Output each line exactly as written, from the first line of the records to the line bearing "55%VISKÓZA, 19%POLYAMID, 15%POLYESTER, 7%METALIZOVANÁ", inclusive, while leaving every picture out.

====

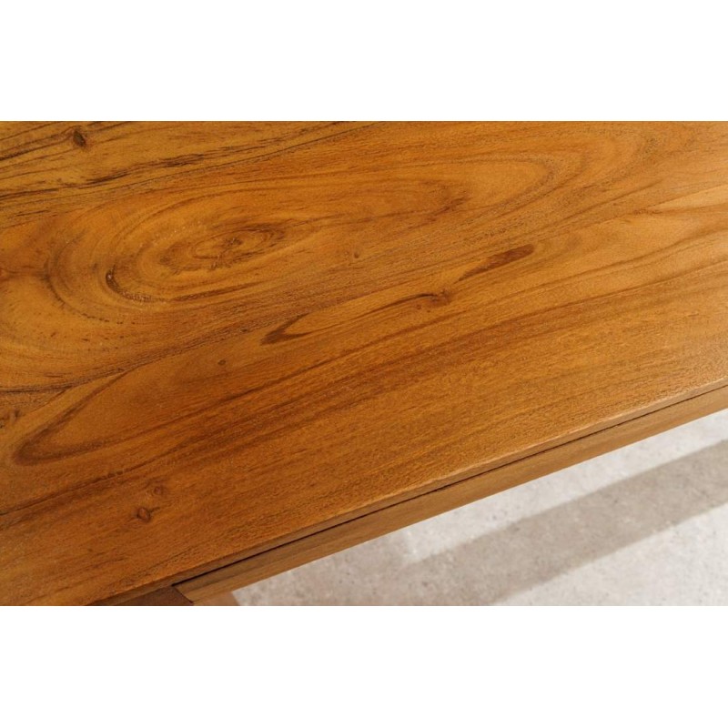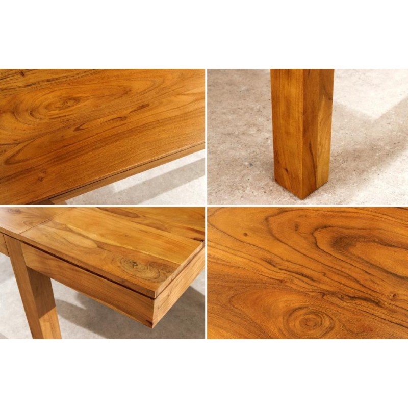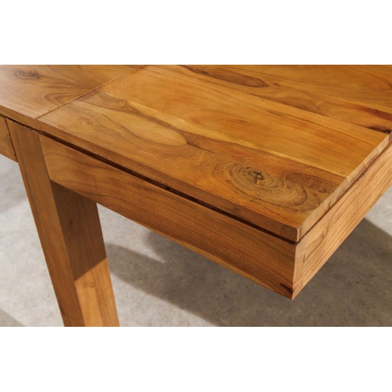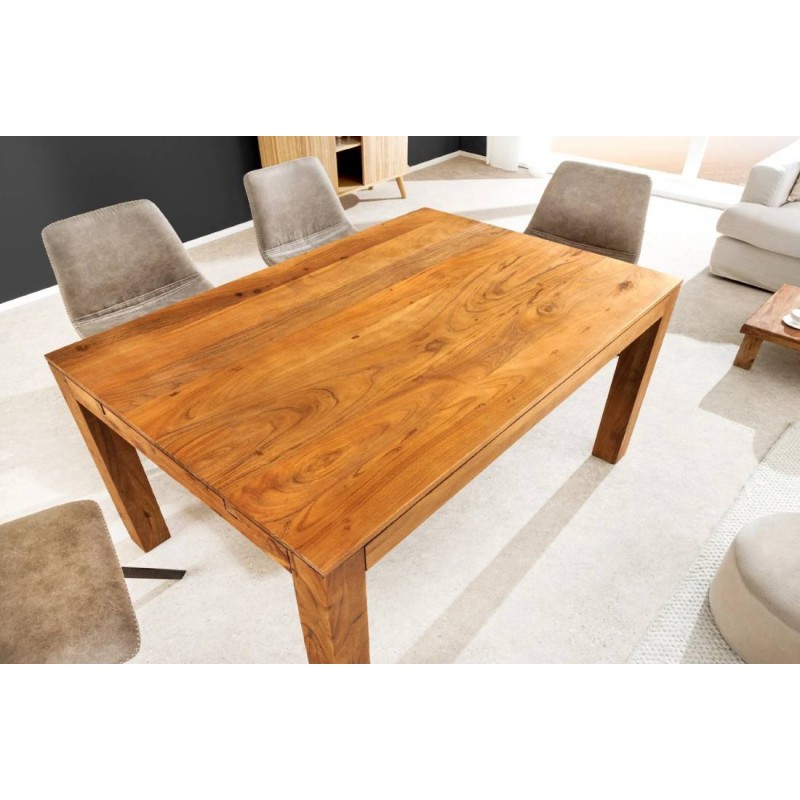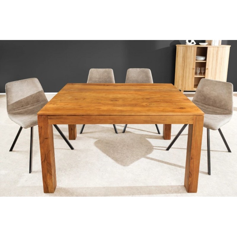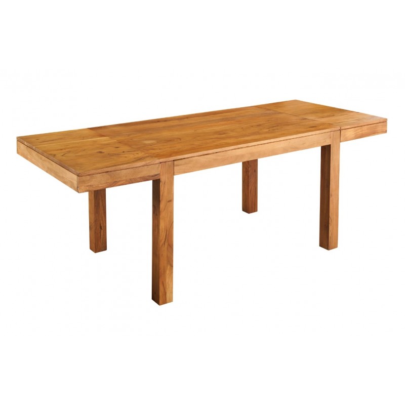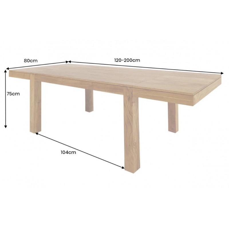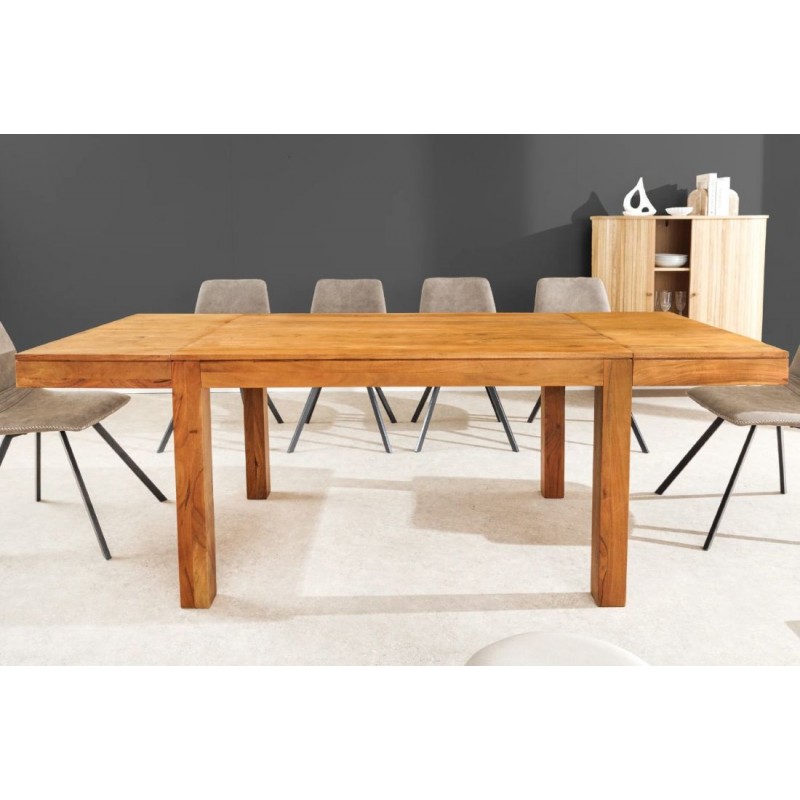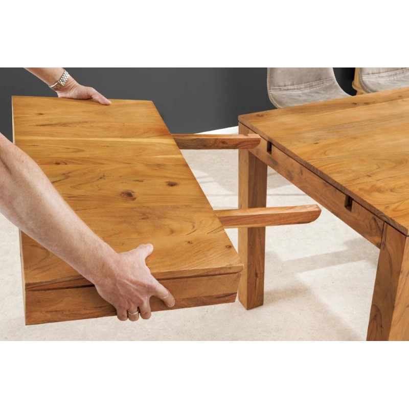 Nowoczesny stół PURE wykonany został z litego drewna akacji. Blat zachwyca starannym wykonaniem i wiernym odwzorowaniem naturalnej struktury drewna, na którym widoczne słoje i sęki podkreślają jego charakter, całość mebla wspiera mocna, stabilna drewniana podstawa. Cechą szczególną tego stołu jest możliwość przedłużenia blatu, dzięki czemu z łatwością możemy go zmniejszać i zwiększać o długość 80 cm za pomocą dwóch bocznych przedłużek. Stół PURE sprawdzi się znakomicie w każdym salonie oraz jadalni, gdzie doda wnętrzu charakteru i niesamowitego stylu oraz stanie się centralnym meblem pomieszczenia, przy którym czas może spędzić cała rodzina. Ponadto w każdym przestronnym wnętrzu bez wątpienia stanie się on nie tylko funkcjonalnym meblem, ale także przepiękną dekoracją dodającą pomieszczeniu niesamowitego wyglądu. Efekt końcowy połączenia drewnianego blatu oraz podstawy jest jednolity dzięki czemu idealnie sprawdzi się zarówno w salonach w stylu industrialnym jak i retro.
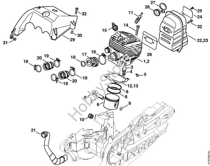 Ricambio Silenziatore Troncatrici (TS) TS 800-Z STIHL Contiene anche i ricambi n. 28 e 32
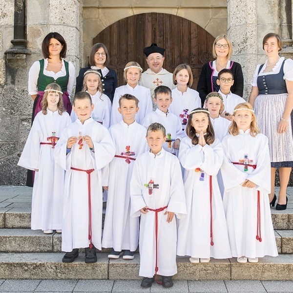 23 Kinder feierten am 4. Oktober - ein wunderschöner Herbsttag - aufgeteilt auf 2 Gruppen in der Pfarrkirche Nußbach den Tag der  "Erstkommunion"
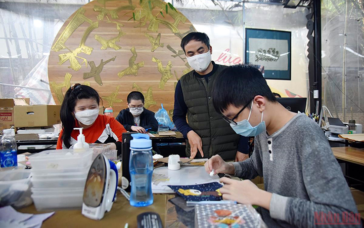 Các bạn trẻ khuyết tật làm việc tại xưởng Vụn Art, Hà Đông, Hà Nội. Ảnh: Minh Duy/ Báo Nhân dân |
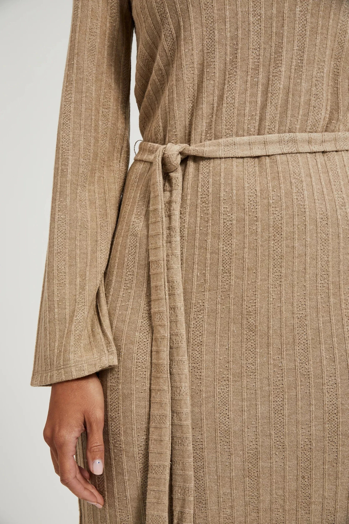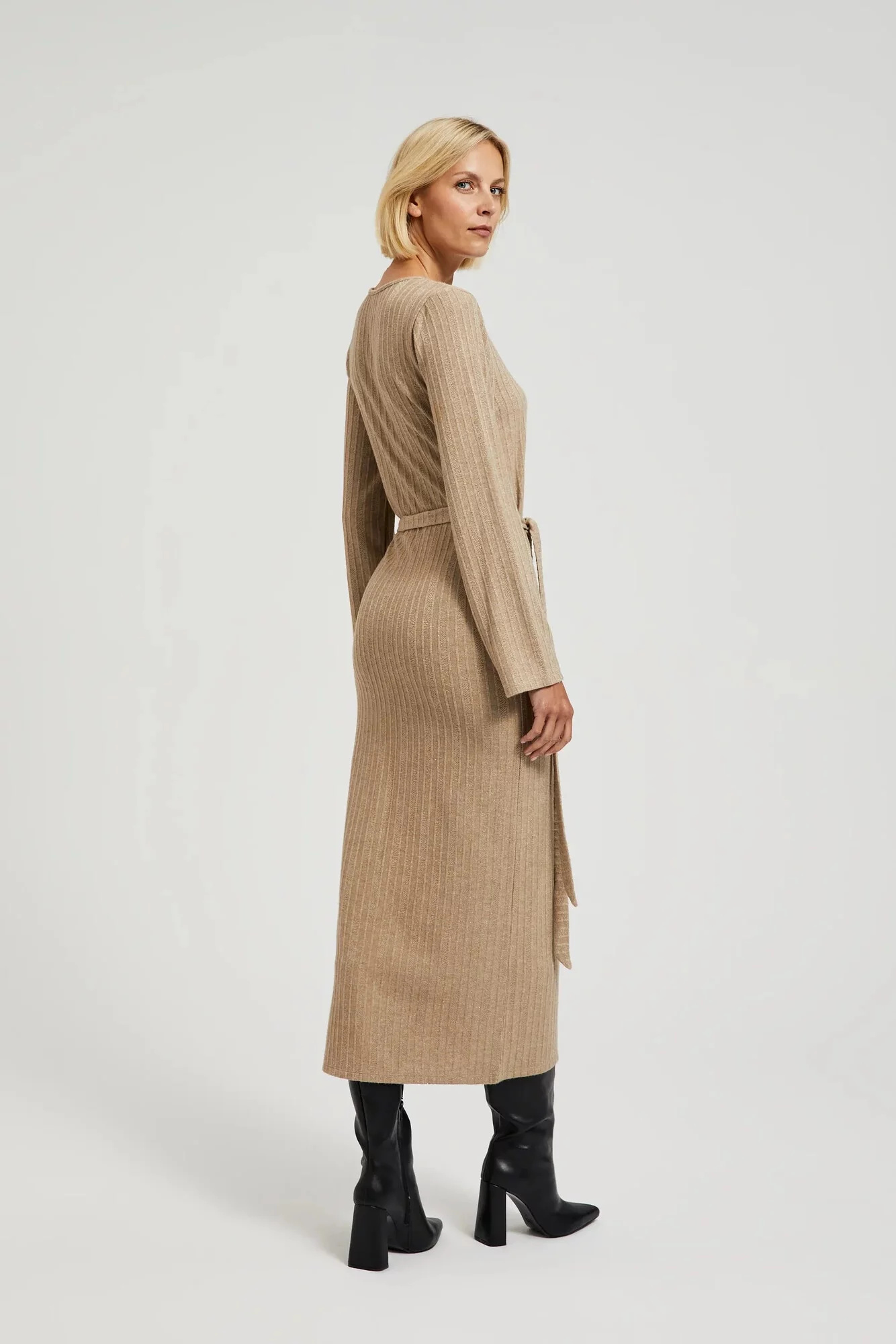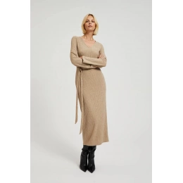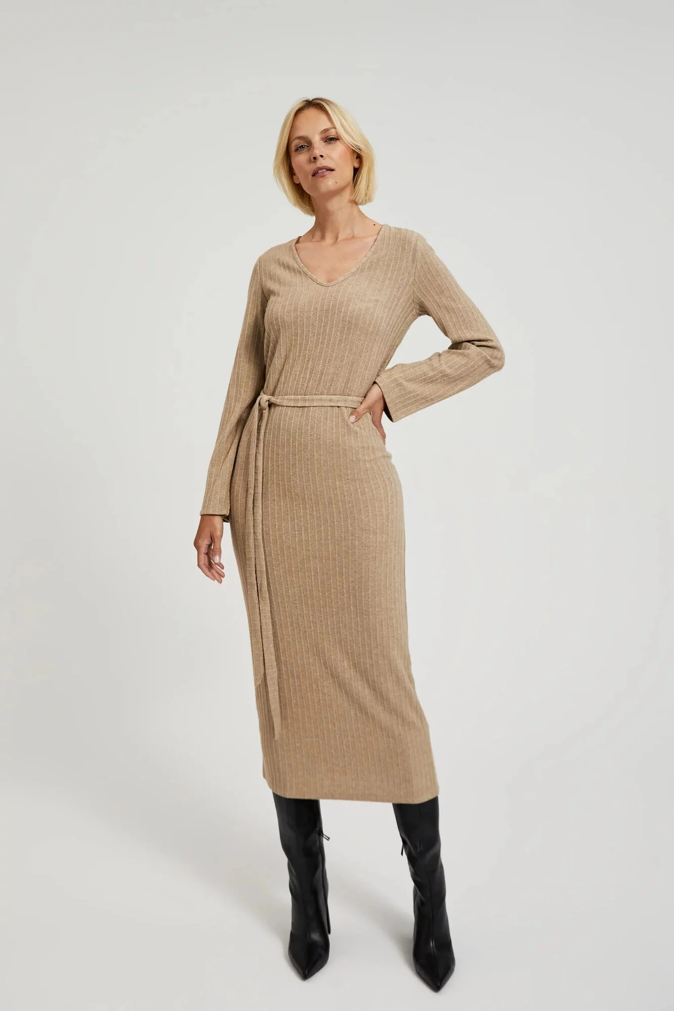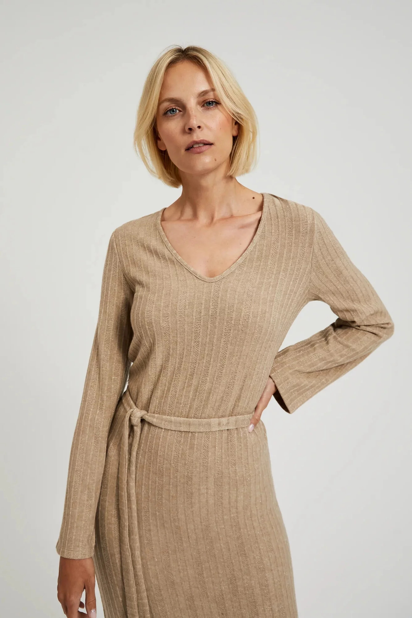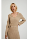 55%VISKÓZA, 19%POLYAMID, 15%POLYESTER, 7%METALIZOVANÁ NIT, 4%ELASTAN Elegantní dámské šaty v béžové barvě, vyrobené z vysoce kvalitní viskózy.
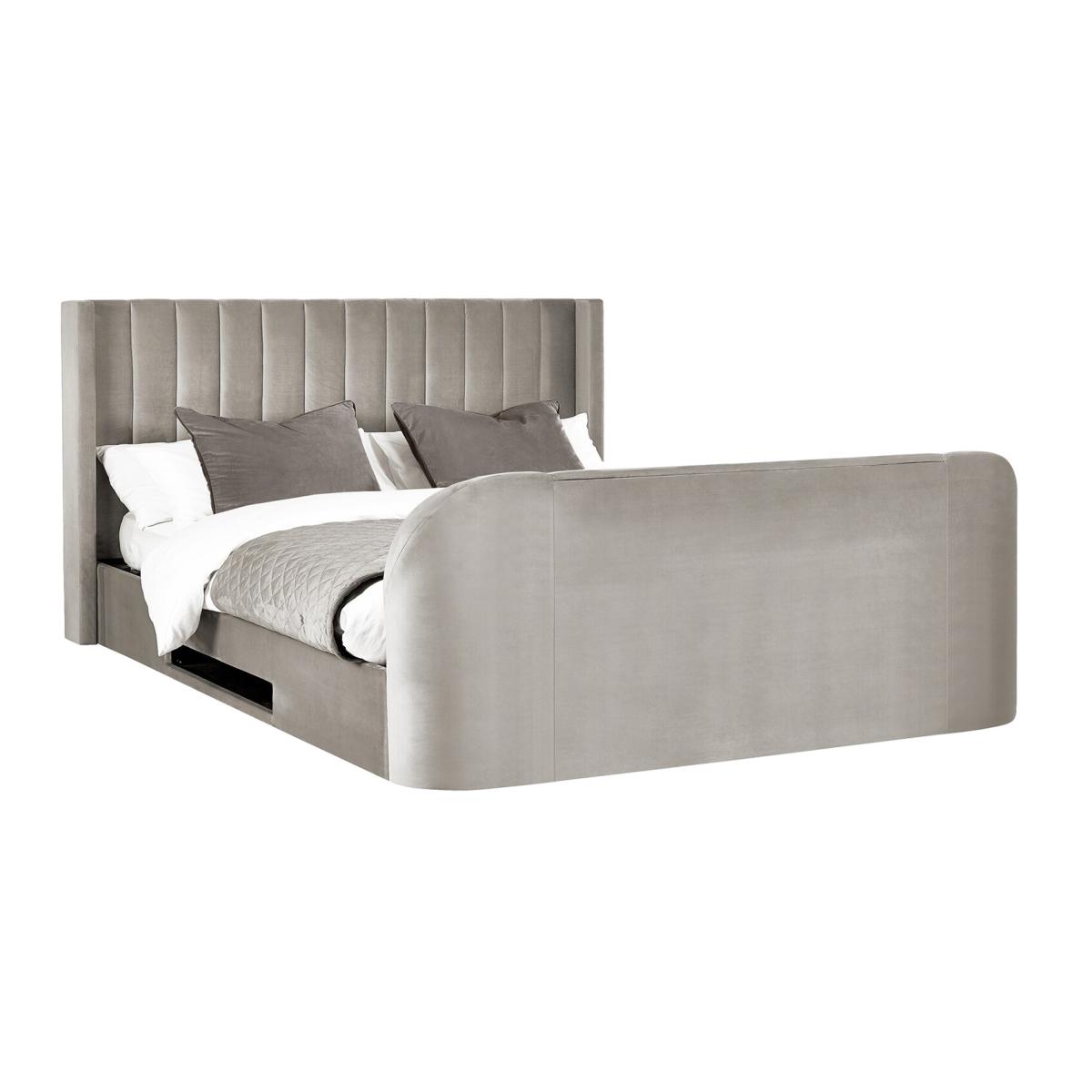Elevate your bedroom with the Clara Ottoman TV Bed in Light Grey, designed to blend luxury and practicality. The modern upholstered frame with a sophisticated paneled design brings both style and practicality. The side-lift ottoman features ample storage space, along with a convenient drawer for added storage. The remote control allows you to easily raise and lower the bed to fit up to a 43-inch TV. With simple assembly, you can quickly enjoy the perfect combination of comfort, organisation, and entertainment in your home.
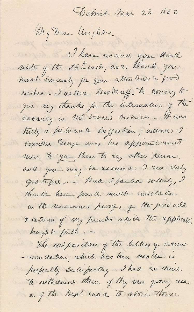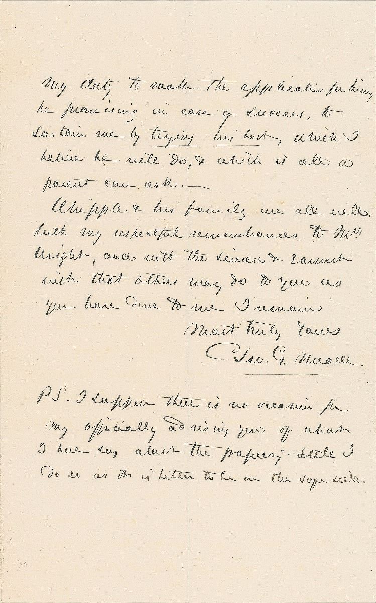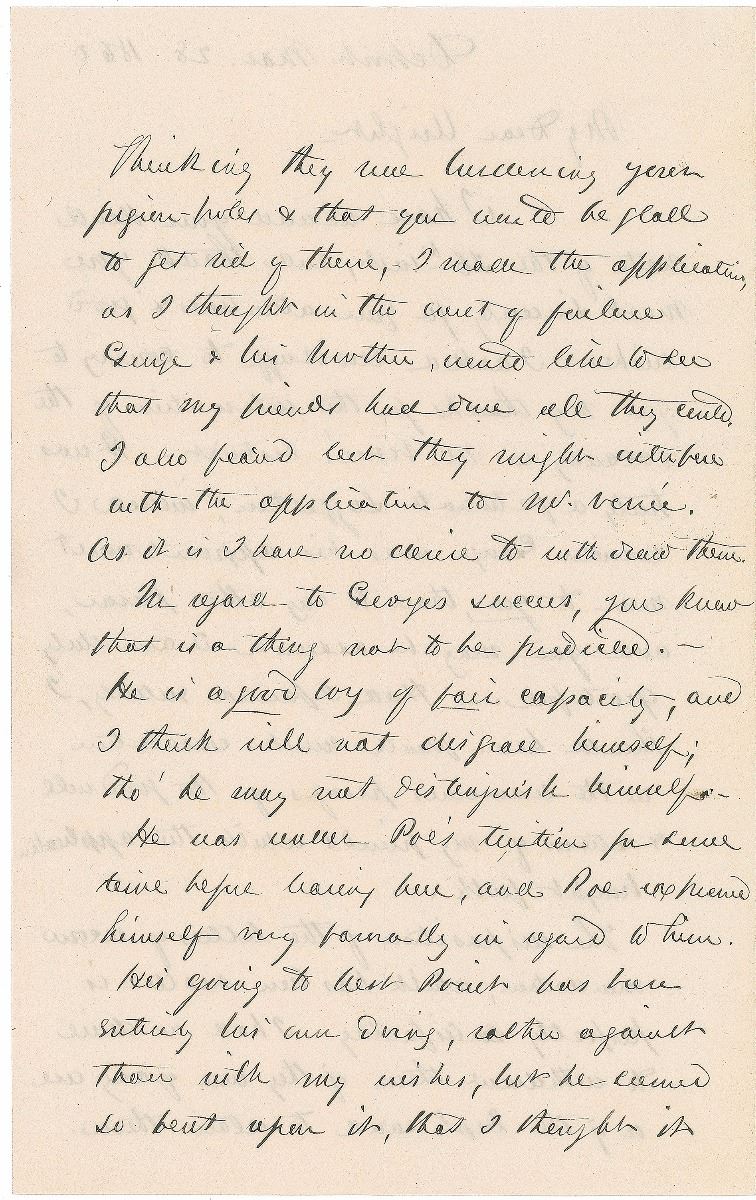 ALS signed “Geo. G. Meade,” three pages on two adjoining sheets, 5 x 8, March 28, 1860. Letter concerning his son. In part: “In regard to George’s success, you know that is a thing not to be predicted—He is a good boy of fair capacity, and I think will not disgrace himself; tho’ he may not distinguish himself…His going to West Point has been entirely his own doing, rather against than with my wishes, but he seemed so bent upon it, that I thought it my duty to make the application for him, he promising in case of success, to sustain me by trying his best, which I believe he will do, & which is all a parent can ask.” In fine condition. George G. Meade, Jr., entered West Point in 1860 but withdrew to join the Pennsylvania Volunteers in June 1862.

====

▶ _Written solution_
 Nowoczesny stół PURE wykonany został z litego drewna akacji. Blat zachwyca starannym wykonaniem i wiernym odwzorowaniem naturalnej struktury drewna, na którym widoczne słoje i sęki podkreślają jego charakter, całość mebla wspiera mocna, stabilna drewniana podstawa. Cechą szczególną tego stołu jest możliwość przedłużenia blatu, dzięki czemu z łatwością możemy go zmniejszać i zwiększać o długość 80 cm za pomocą dwóch bocznych przedłużek. Stół PURE sprawdzi się znakomicie w każdym salonie oraz jadalni, gdzie doda wnętrzu charakteru i niesamowitego stylu oraz stanie się centralnym meblem pomieszczenia, przy którym czas może spędzić cała rodzina. Ponadto w każdym przestronnym wnętrzu bez wątpienia stanie się on nie tylko funkcjonalnym meblem, ale także przepiękną dekoracją dodającą pomieszczeniu niesamowitego wyglądu. Efekt końcowy połączenia drewnianego blatu oraz podstawy jest jednolity dzięki czemu idealnie sprawdzi się zarówno w salonach w stylu industrialnym jak i retro.
 Ricambio Silenziatore Troncatrici (TS) TS 800-Z STIHL Contiene anche i ricambi n. 28 e 32
 23 Kinder feierten am 4. Oktober - ein wunderschöner Herbsttag - aufgeteilt auf 2 Gruppen in der Pfarrkirche Nußbach den Tag der  "Erstkommunion"
 Các bạn trẻ khuyết tật làm việc tại xưởng Vụn Art, Hà Đông, Hà Nội. Ảnh: Minh Duy/ Báo Nhân dân |
 55%VISKÓZA, 19%POLYAMID, 15%POLYESTER, 7%METALIZOVANÁ NIT, 4%ELASTAN Elegantní dámské šaty v béžové barvě, vyrobené z vysoce kvalitní viskózy.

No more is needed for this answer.